Jan Schomburg: Das Licht und die Geräusche. Roman. DTV Hardcover 2017. 256 Seiten.

Sendung vom 08.06.2017 im Deutschlandfunk, Büchermarkt, Moderation Hubert Winkels

http://podcast-mp3.dradio.de/podcast/2017/06/08/jan_schomburg_das_licht_und_die_geraeusche_dlf_20170608_1623_49b63654.mp3

Beitrag hören (Zitate gesprochen von Anja Gawlick vom DLF-Sprecherensemble)

 

Seine Drehbücher und Inszenierungen von Kinofilmen wie „Über uns das All“ und „Vergiss mein Ich“ sind mehrfach preisgekrönt: Jan Schomburg.

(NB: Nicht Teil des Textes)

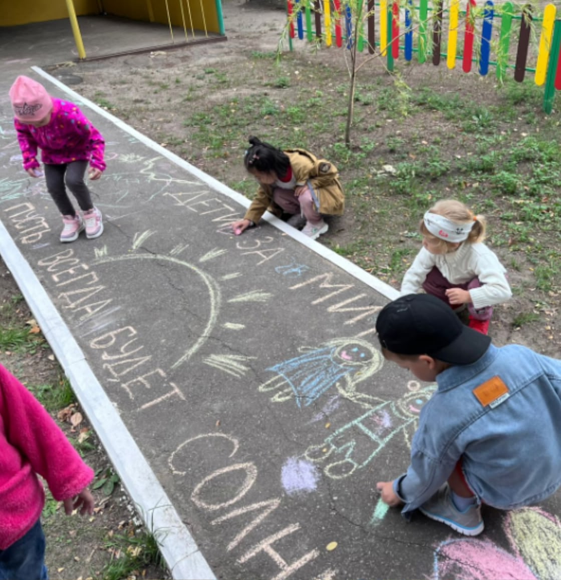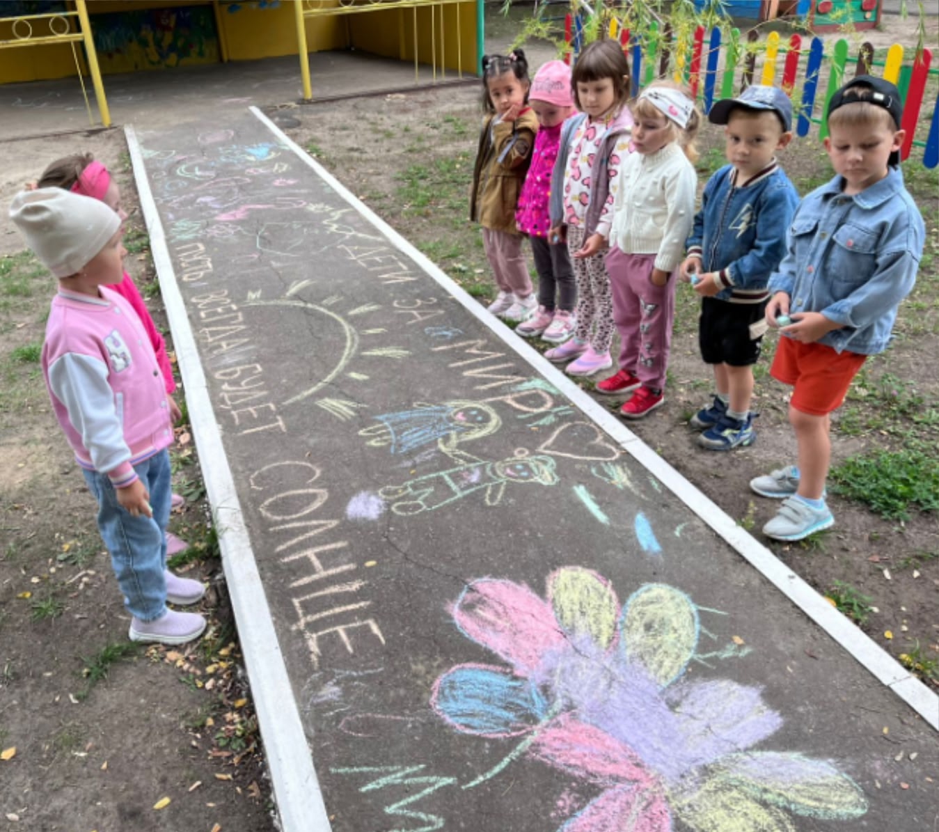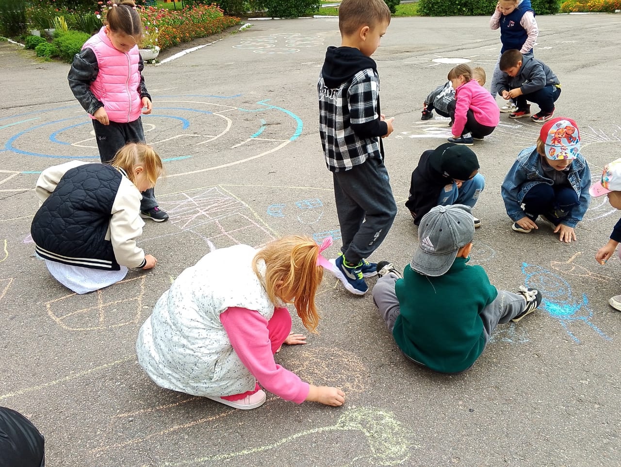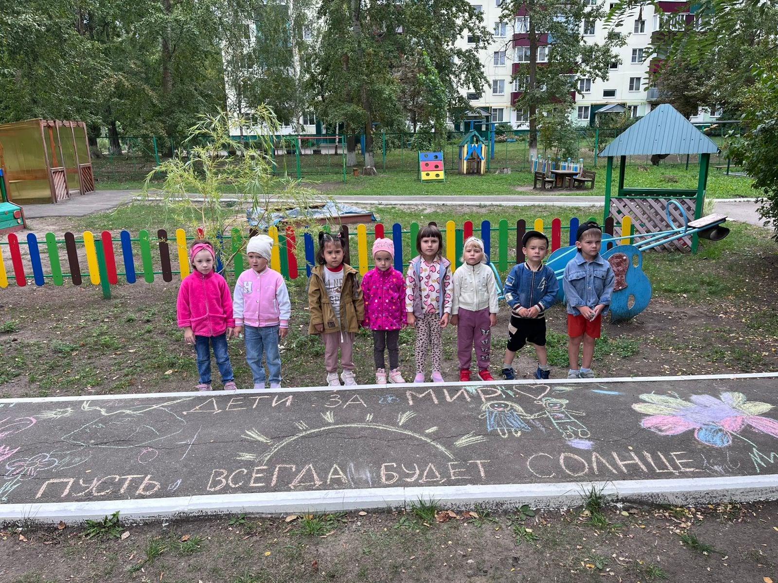 Воспитанники подготовительных к школе групп «Одуванчики и «Светлячки» приняли участие в конкурсе рисунков на асфальте — «Миру-Мир! «, посвящённому Дню солидарности в борьбе с терроризмам.

Von 1996 bis 2001 studierte er Visuelle Kommunikation an der Kunsthochschule Kassel und Audiovisuelle Medien an der Kunsthochschule für Medien Köln. 2007 absolvierte Schomburg die Drehbuchwerkstatt München und erhielt im Folgejahr ein Stipendium der Warschauer „Andrzej Wajda Master School of Directing“. Gemeinsam mit Schauspielerin und Regisseurin Maria Schrader schrieb er 2016 das Drehbuch zum Film „Vor der Morgenröte“. Doch das Multi-Talent Jan Schomburg ist nicht nur Filmregisseur und Drehbuchautor, sondern auch Schriftsteller. „Das Licht und die Geräusche“ ist sein erster Roman.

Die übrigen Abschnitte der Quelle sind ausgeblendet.